Self test: when you have correctly read in your data and factorized rope.type you should get this output when you run levels(rope$rope.type):

levels(rope$rope.type)
## [1] "BLAZE" "BS"    "PI"    "SB"    "VEL"   "XTC"

Number of observations and groups

You will need to know the total number of observations and the number of groups for the ANOVA.

  • Recall that when we use a categorical predictor, we can also think if it as a grouping factor. Individual observations that have the same value for the categorical variable are within the same group.

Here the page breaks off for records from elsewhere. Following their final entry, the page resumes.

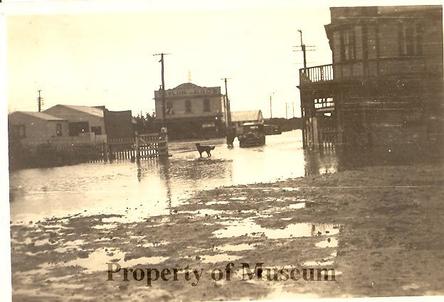 1931 flood at Otaki Railway, looking west along Arthur Street. Railway Hotel on the right. The two storey building (centre distance) is Taylor Bros shop and accommodation on Main Highway.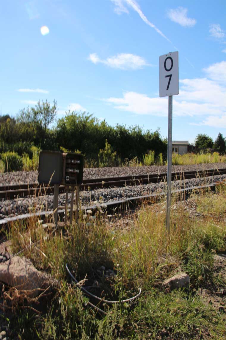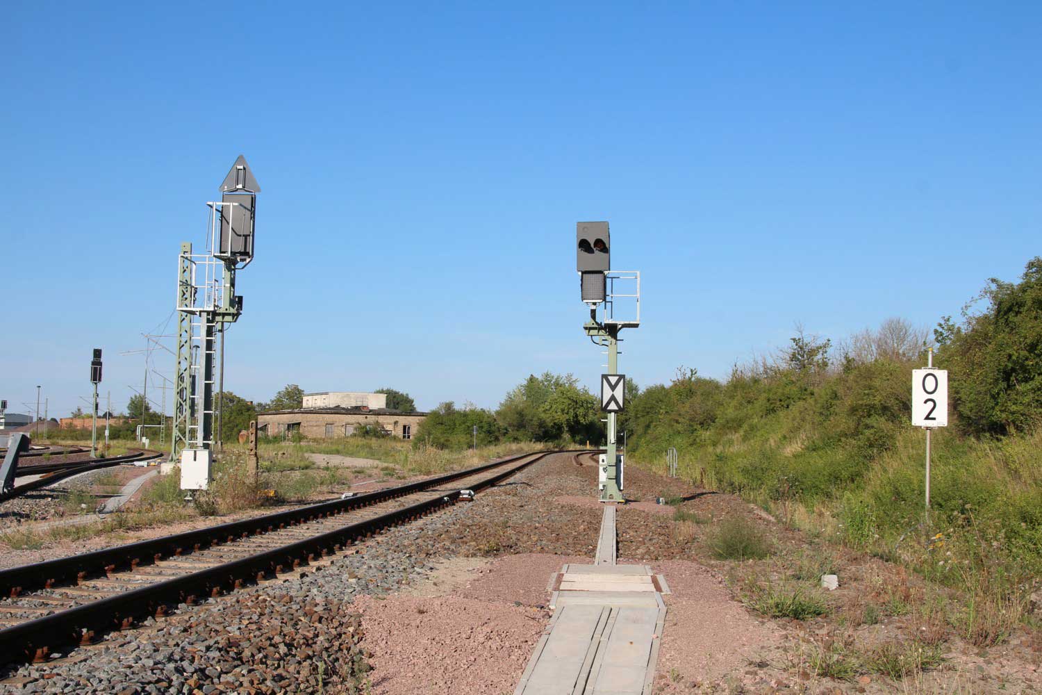 bei km 2,0 (rechts) in Köthen Gbf, Abzw Stw W 7 km 53,4 gehört zur Strecke Magdeburg Hbf 0,0 - Köthen 49,80 - Halle (Saale) Hbf 86,03 -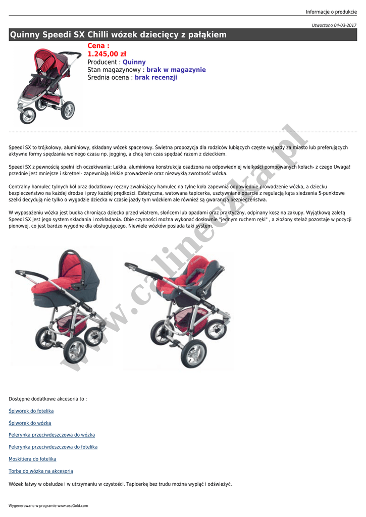 Informacje o produkcie Utworzono 04-03-2017 Quinny Speedi SX Chilli wózek dziecięcy z pałąkiem Cena : 1.245,00 zł pl Producent : Quinny Stan magazynowy : brak w magazynie Średnia ocena : brak recenzji Speedi SX to trójkołowy, aluminiowy, składany wózek spacerowy. Świetna propozycja dla rodziców lubiących częste wyjazdy za miasto lub preferujących aktywne formy spędzania wolnego czasu np. jogging, a chcą ten czas spędzać razem z dzieckiem. zk a. Speedi SX z pewnością spełni ich oczekiwania: Lekka, aluminiowa konstrukcja osadzona na odpowiedniej wielkości pompowanych kołach- z czego Uwaga! przednie jest mniejsze i skrętne!- zapewniają lekkie prowadzenie oraz niezwykłą zwrotność wózka. Centralny hamulec tylnych kół oraz dodatkowy ręczny zwalniający hamulec na tylne koła zapewnią odpowiednie prowadzenie wózka, a dziecku bezpieczeństwo na każdej drodze i przy każdej prędkości. Estetyczna, watowana tapicerka, usztywniane oparcie z regulacją kąta siedzenia 5-punktowe szelki decydują nie tylko o wygodzie dziecka w czasie jazdy tym wózkiem ale również są gwarancją bezpieczeństwa. w w w .c al in ec W wyposażeniu wózka jest budka chroniąca dziecko przed wiatrem, słońcem lub opadami oraz praktyczny, odpinany kosz na zakupy. Wyjątkową zaletą Speedi SX jest jego system składania i rozkładania. Obie czynności można wykonać dosłownie "jednym ruchem ręki" , a złożony stelaż pozostaje w pozycji pionowej, co jest bardzo wygodne dla obsługującego. Niewiele wózków posiada taki system. Dostępne dodatkowe akcesoria to : Śpiworek do fotelika Śpiworek do wózka Pelerynka przeciwdeszczowa do wózka Pelerynka przeciwdeszczowa do fotelika Moskitiera do fotelika Torba do wózka na akcesoria Wózek łatwy w obsłudze i w utrzymaniu w czystości. Tapicerkę bez trudu można wypiąć i odświeżyć. Wygenerowano w programie www.oscGold.com Wymiary w w w .c al in Masz pytania? Napisz [email protected] lub zadzwoń 022-61003 ec zk a. pl Szerokość wew. 36 cm Głębokość siedziska 21 cm Wysokość oparcia 46 cm Złożony 83x53x34cm (dł,szer,wys) Rozłożony 106x65x102cm (dł,szer,wys) Na bazie tego wózka można tworzyć tzw. zestawy "3w1" tzn. po wypięciu tapicerki z wózka spacerowego, do stelaża można wpinać foteliki samochodowe Maxi-Cosi (do 13 kg) lub Maxi-Dreami - gondolę głębokiego wózka.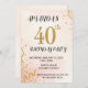 Modern Gold Glitter 40th Birthday Inbjudningar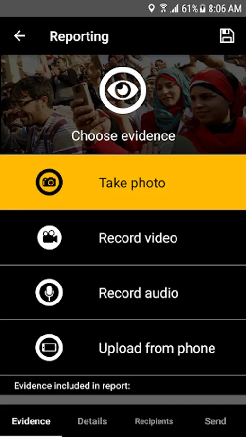 In just a few seconds, capture and share evidence of political violence, human rights abuse or corruption. Your report will embed data from your device to make it verifiable by journalists or human rights organizations.

  • Calculate the total number of observations and save it to a variable called n_obs.

  • Calculate the number of groups (rope types) and save it in a variable called n_groups.

n_obs = ....

n_groups = ....

Partitioning Variance: Total

Next, we need to partition the total variance in the response variable into its components:

  • among-group
  • within-group, so that we can compute the ratio for our test statistic.

Here, the trick is to realize that the total variance is the sum of the among-group variance and within-group variance, so by calculating any two of these components, we automatically know the third.

We begin by calculating the “sums of squares” for the entire data set; i.e., the squared deviation of each observation from the overall mean, since this is easiest calculation.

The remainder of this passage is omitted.